Given material ::
###
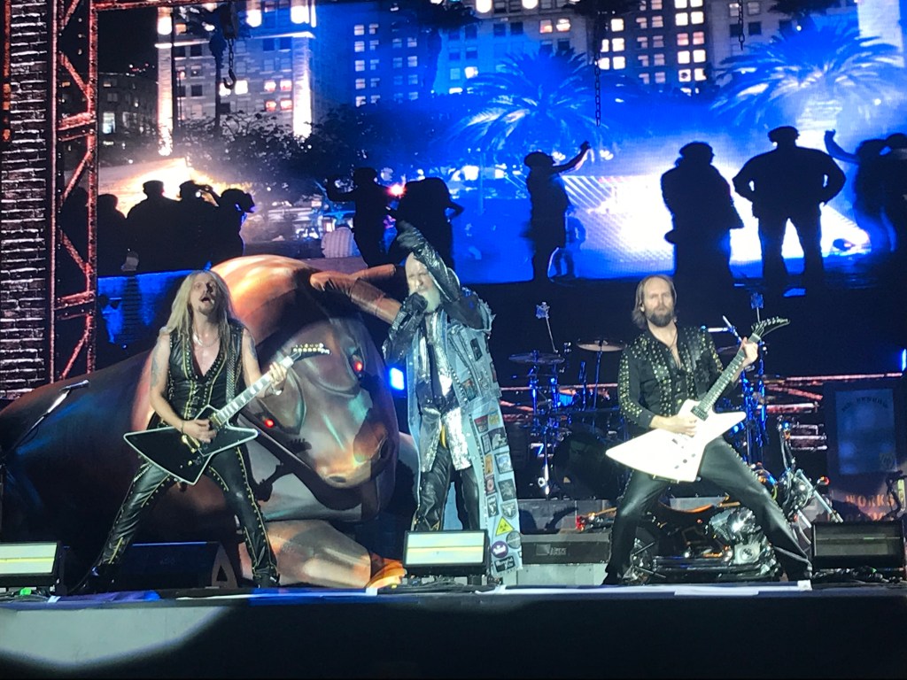 Car dans le décor d’usine des West Midlands dressé sur le Mainstage 2, alors que résonne le War Pigs des voisins de Sabbath, s’avance maintenant un Rob Halford pâle et septuagénaire. Il te coûte de le reconnaître, mais le frontman de Judas Priest ne dispose plus que d’une petite moitié de l’organe de harpie qui fit sa légende – on parle de sa voix. Elle ne permettrait plus de briguer le titre de plus grand chanteur de heavy metal depuis la mort de Ronnie James Dio, mais lui suffit à prendre un pied ostensible sur scène, et toi avec lui. Costumes de motard abracadabrantesques, Harley Davidson chevauchée sur Hell bent for leather, fouet généreusement administré à ses partenaires, Rob s’éclate toujours avec ses jouets favoris. La setlist parcourt avec intelligence plus de 50 ans de carrière, le duo de guitares lead Faulkner-Sneap honore la mémoire de Downing et Tipton, les machines Hill et Travis assurent imperturbablement en section rythmique. Et Turbo Lover sonne tout de même mieux sans les synthés, bordel. D’une manière plus digne que Deep Purple, Judas Priest rappelle combien le temps est le principal ennemi d’un genre musical contraint au renouvellement accéléré de ses têtes d’affiches – à voir l’état des Rolling Stones, on étendra la considération au rock n’roll dans son ensemble. Mais puisque tout n’est pas à jeter dans cette époque de merde, l’une des plus formidables puissances émergentes du métal contemporain est un groupe français, les Aquitains de Gojira, récents n°1 du Billboard Hard Rock américain avec Fortitude. De quoi remplacer mieux qu’honorablement System of a Down, prévus en clôture du festival au temps lointain où l’on envisageait un Hellfest en 2020. Le groupe de Joe Duplantier a soigné la dimension visuelle de son show, succession de tableaux souvent abstraits et colorés agrémentés d’effets pyrotechniques et de lâchers de papelitos ; chez Gojira, les écrans géants se complètent plus qu’il ne se répliquent. Single du dernier album, Born for one thing ouvre la setlist. Accentuant la batterie d’un Mario Duplantier dont c’est l’anniversaire, le mix rappelle qui est la star. « Est-ce que vous êtes vivants ? » demande son frère Joe, après quoi on constate combien il est facile de se prendre pour James Hetfield une fois dressé devant 50000 spectateurs en transe.
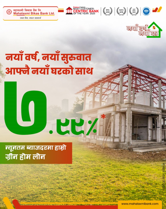 काठमाडौं । महालक्ष्मी विकास बैंकले नयाँ वर्ष २०८२ को अवसरमा ग्राहकहरुलाई लक्षित गरी महालक्ष्मी घर कर्जा एकल अंकको ब्याजदर ७.९९ प्रतिशतमा नै प्रदान गर्ने भएको छ ।
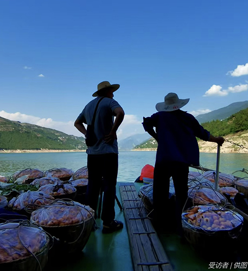 村民一个电话打来,小船就会缓缓调整船头,逐渐靠近岸边时,发动机停止了轰鸣仅靠惯性向岸边驶去,肩扛两担枇杷的村民还未等船只完全靠岸,便快速跃上甲板。老船长听到上客的响动后也心领神会,不到2分钟的停顿,发动机便再次启动,反向推动船只再次出发。
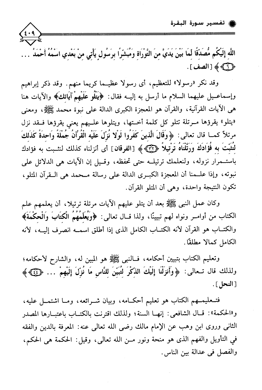 وتعليم الكتاب بتبيين أحكامه، فالنبي - صلى الله عليه وسلم - هو المبين له، والشارح لأحكامه؛ ولذلك قال تعالى: (وَأَنزَلْنَا إِلَيْكَ الذكرَ لِتبَيِّنَ لِلنَّاسِ مَا نُزِّلَ إِلَيْهِمْ. . .).
###
Task goal :: The job is to set down the whole listing exactly, excluding any images.

Output of the task ::
 Car dans le décor d’usine des West Midlands dressé sur le Mainstage 2, alors que résonne le War Pigs des voisins de Sabbath, s’avance maintenant un Rob Halford pâle et septuagénaire. Il te coûte de le reconnaître, mais le frontman de Judas Priest ne dispose plus que d’une petite moitié de l’organe de harpie qui fit sa légende – on parle de sa voix. Elle ne permettrait plus de briguer le titre de plus grand chanteur de heavy metal depuis la mort de Ronnie James Dio, mais lui suffit à prendre un pied ostensible sur scène, et toi avec lui. Costumes de motard abracadabrantesques, Harley Davidson chevauchée sur Hell bent for leather, fouet généreusement administré à ses partenaires, Rob s’éclate toujours avec ses jouets favoris. La setlist parcourt avec intelligence plus de 50 ans de carrière, le duo de guitares lead Faulkner-Sneap honore la mémoire de Downing et Tipton, les machines Hill et Travis assurent imperturbablement en section rythmique. Et Turbo Lover sonne tout de même mieux sans les synthés, bordel. D’une manière plus digne que Deep Purple, Judas Priest rappelle combien le temps est le principal ennemi d’un genre musical contraint au renouvellement accéléré de ses têtes d’affiches – à voir l’état des Rolling Stones, on étendra la considération au rock n’roll dans son ensemble. Mais puisque tout n’est pas à jeter dans cette époque de merde, l’une des plus formidables puissances émergentes du métal contemporain est un groupe français, les Aquitains de Gojira, récents n°1 du Billboard Hard Rock américain avec Fortitude. De quoi remplacer mieux qu’honorablement System of a Down, prévus en clôture du festival au temps lointain où l’on envisageait un Hellfest en 2020. Le groupe de Joe Duplantier a soigné la dimension visuelle de son show, succession de tableaux souvent abstraits et colorés agrémentés d’effets pyrotechniques et de lâchers de papelitos ; chez Gojira, les écrans géants se complètent plus qu’il ne se répliquent. Single du dernier album, Born for one thing ouvre la setlist. Accentuant la batterie d’un Mario Duplantier dont c’est l’anniversaire, le mix rappelle qui est la star. « Est-ce que vous êtes vivants ? » demande son frère Joe, après quoi on constate combien il est facile de se prendre pour James Hetfield une fois dressé devant 50000 spectateurs en transe.
 काठमाडौं । महालक्ष्मी विकास बैंकले नयाँ वर्ष २०८२ को अवसरमा ग्राहकहरुलाई लक्षित गरी महालक्ष्मी घर कर्जा एकल अंकको ब्याजदर ७.९९ प्रतिशतमा नै प्रदान गर्ने भएको छ ।
 村民一个电话打来,小船就会缓缓调整船头,逐渐靠近岸边时,发动机停止了轰鸣仅靠惯性向岸边驶去,肩扛两担枇杷的村民还未等船只完全靠岸,便快速跃上甲板。老船长听到上客的响动后也心领神会,不到2分钟的停顿,发动机便再次启动,反向推动船只再次出发。
 وتعليم الكتاب بتبيين أحكامه، فالنبي - صلى الله عليه وسلم - هو المبين له، والشارح لأحكامه؛ ولذلك قال تعالى: (وَأَنزَلْنَا إِلَيْكَ الذكرَ لِتبَيِّنَ لِلنَّاسِ مَا نُزِّلَ إِلَيْهِمْ. . .).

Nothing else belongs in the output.